- Born: 1976 (age 49–50) Chihuahua, Mexico
- Other name: "The Godmother"
- Conviction: Murder x2
- Criminal penalty: 44 years imprisonment

Details
- Victims: 2–25
- Span of crimes: 2016–2018
- Country: Mexico
- State: Chihuahua
- Date apprehended: June 27, 2018

= Flor Cazarín González =

Mexican suspected serial killer

Flor Cazarín González (born 1976), known as The Godmother (Spanish: La Madrina), is a Mexican suspected serial killer who, together with her son Roberto and other men, murdered and robbed adults and elderly people in Chihuahua City between 2016 and 2018. In February 2020, she was convicted of killing two women, but her total victim count is estimated to be between 20 and 25.

== Crimes ==

=== Modus operandi ===
Using various pseudonyms, Flor would approach the victims and earn their trust. Sometimes, she would enter a relationship with them for the purpose of fraud, for example, buying various goods on credit. When she decided she no longer needed the victims, Cazarín would drug them with clonazepam and ransack their homes, before either stabbing or strangling them to death.
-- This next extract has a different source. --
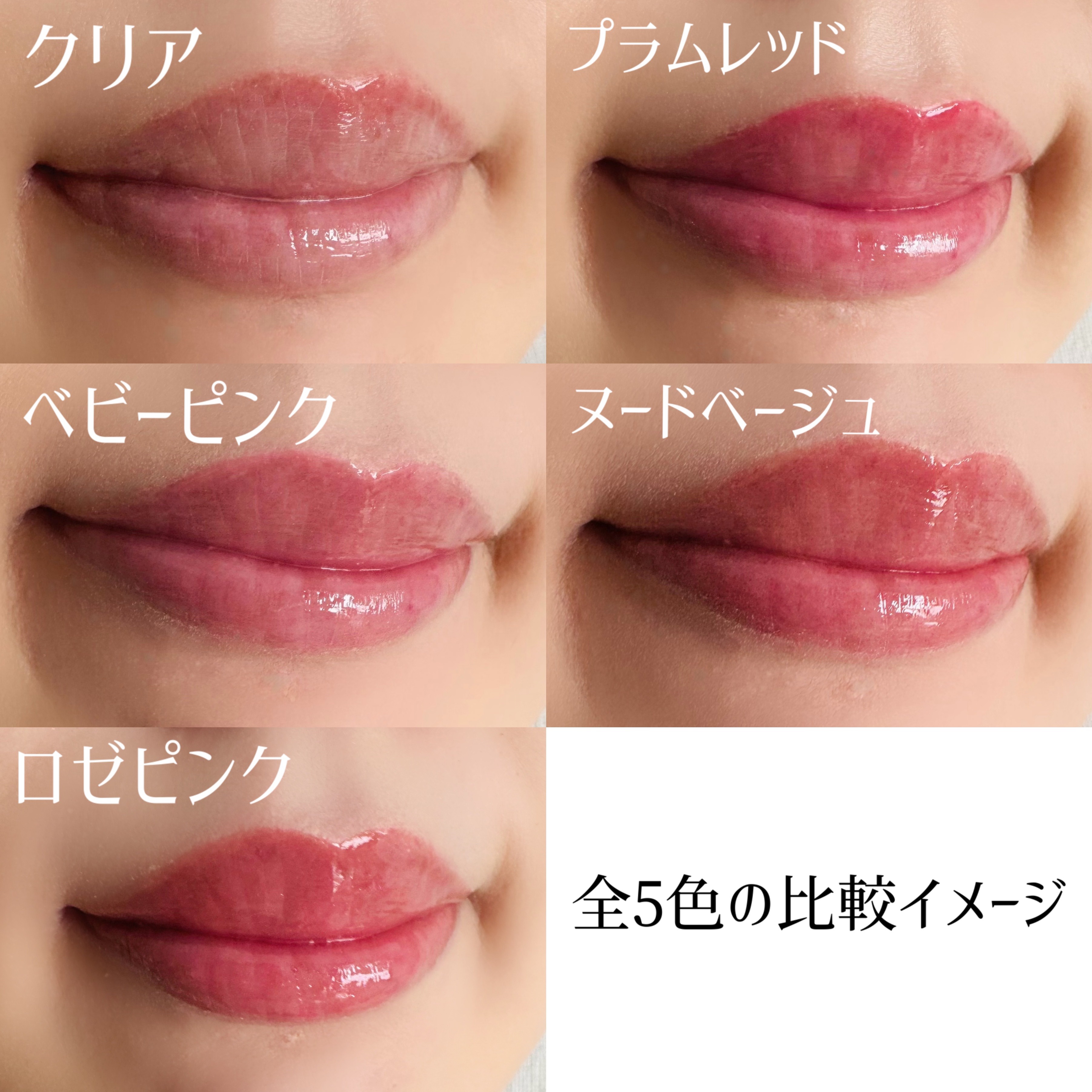 - <クリア> ダイマージリノール酸ダイマージリノレイル、(イソステアリン酸ポリグリセリル2/ダイマージリノール酸) コポリマー、ラノリン、オクチルドデカノール、ホホバ種子油、ジブチルラウロイルグルタミド、ミリスチン酸デキストリン、オリーブ果実油、ローヤルゼリーエキス、ハチミツ、パニリルブチル2、メントキシプロパンジオール、メントール、ハッカ葉油、レモン果皮油、ラバンデュラヒブリダ油、イタリアイトスギ葉/実/茎油、イソステアリン酸ソルビタン、ラブダナム油、ヒメマツバボタンエキス、ダマスクバラ花ロウ、ヤシ脂肪酸スクロース、パルミトイルトリペプチド-381、メトキシケイヒ酸エチルヘキシル、ペンチレングリコール、ポリシリコーン-15、t-ブチルメトキシジベンゾイルメタン、エチルヘキサン酸セテアリル、BG、水 <ヌードベージュ> ダイマージリノール酸ダイマージリノレイル、(イソステアリン酸ポリグリセリル2/ダイマージリノール酸) コポリマー、ラノリン、オクチルドデカノール、ホホバ種子油、ジブチルラウロイルグルタミド、ミリスチン酸デキストリン、メトキシケイヒ酸エチルヘキシル、ペンチレングリコール、トリイソステアリン酸ポリグリセリル-2、メントール、酸化チタン、ポリシリコーン-15、t-ブチルメトキシジベンゾイルメタン、酸化鉄、メントキシプロパンジオール、香料、赤104(1) 水酸化Al、バニリルブチル、オリーブ果実油、ハチミツ、ダマスクバラ花ロウ、エチルヘキサン酸セテアリル、BG、水、ハッカ葉油、レモン果皮油、ラバンデュラヒブリダ油、イタリアイトスギ葉/実/茎油、ヒメマツバボタンエキス、ラブダナム油、イソステアリン酸ソルビタン、ローヤルゼリーエキス、ヤシ脂肪酸スクロース、パルミトイルトリペプチド-38 <ベビーピンク> ダイマージリノール酸ダイマージリノレイル、イソステアリン酸ポリグリセリル2/ダイマージリノール酸)コポリマー、ラノリン、オクチルドデカノール、ホホバ種子油、ジブチルラウロイルグルタミド、ミリスチン酸デキストリン、メトキシケイヒ酸エチルヘキシル、ペンチレングリコール、メントール、トリイソステアリン酸ポリグリセリル-2、酸化チタン、ポリシリコーン-15、t-ブチルメトキシジベンゾイルメタン、メントキシプロパンジオール、香料、黄4、赤202、赤104 (1) 水酸化AI、赤201、バニリルブチル、オリーブ果実油、ダマスクバラ花ロウ、ハチミツ、エチルヘキサン酸セテアリル、BG、水、ハッカ葉油、レモン果皮油、ラバンデュラヒブリダ油、イタリアイトスギ葉/実/茎油、イソステアリン酸ソルビタン、ラブダナム油、ヒメマツバボタンエキス、ローヤルゼリーエキス、ヤシ脂肪酸スクロース、パルミトイルトリペプチド-38 <プラムレッド> ダイマージリノール酸ダイマージリノレイル、(イソステアリン酸ポリグリセリル2/ダイマージリノール酸)コポリマー、ラノリン、オクチルドデカノール、ホホバ種子油、ジブチルラウロイルグルタミド、ミリスチン酸デキストリン、メトキシケイヒ酸エチルヘキシル、ペンチレングリコール、メントール、トリイソステアリン酸ポリグリセリル-2、t-ブチルメトキシジベンゾイルメタン、ポリシリコーン-15、赤202、メントキシプロパンジオール、グンジョウ、香料、赤104(1)、黄4、バニリルプチル2、オリーブ果実油、ハチミツ、ダマスクバラ花ロウ、エチルヘキサン酸セテアリル、BG、水、ハッカ葉油、レモン果皮油、ラバンデュラヒブリダ油、イタリアイトスギ葉/実/莖油、ヒメマツバボタンエキス、ラブダナム油、イソステアリン酸ソルビタン、ローヤルゼリーエキス、ヤシ脂肪酸スクロース、パルミトイルトリペプチド-38 <ロゼピンク> ダイマージリノール酸ダイマージリノレイル、(イソステアリン酸ポリグリセリル2/ダイマージリノール酸) コポリマー、ラノリン、オクチルドデカノール、ホホバ種子油、ジブチルラウロイルグルタミド、ミリスチン酸デキストリン、オリーブ果実油、ローヤルゼリーエキス、ハチミツ、バニリルプチル2、メントキシプロパンジオール、メントール、ハッカ葉油、レモン果皮油、ラバンデュラヒブリダ油、イタリアイトスギ葉/実/莖油 イソステアリン酸ソルビタン、ラブダナム油、ヒメマツバボタンエキス、ダマスクバラ花ロウ、ヤシ脂肪酸スクロース、パルミトイルトリペプチド-381、メトキシケイヒ酸エチルヘキシル、ペンチレングリコール、トリイソステアリン酸ポリグリセリル-2、エチルヘキサン酸セテアリル、BG、水、酸化チタン、ホウケイ酸(Ca/Al)、ポリシリコー15、t-ブチルメトキシジベンゾイルメタン、合成フルオロフロゴパイト、黄4、赤202、赤104 (1) シリカ、赤201、酸化鉄、水酸化Al、酸化スズ、香料

=== Murder of Carlota Múñoz Durán ===
On July 11, 2016, Cazarín, Roberto and another man murdered a 49-year-old woman, Carlota Múñoz Durán. According to investigators, Carlota Múñoz died in her own house from hypovolemic shock, caused by 91 stab wounds to the torso. She was unconscious as a result of drugging, and her killers had stolen her car and various appliances. Carlota's body was found three days after the crime occurred.

=== Murder of Griselda Mojarro Delgado ===
In November 2016, the gang drugged and kidnapped Griselda Mojarro, driving her in her own car to an isolated area. There, she was hit on the head with a hammer and stabbed 18 times in the torso and neck. Like the previous victim, the cause of death was ruled to be from hypovolemic shock.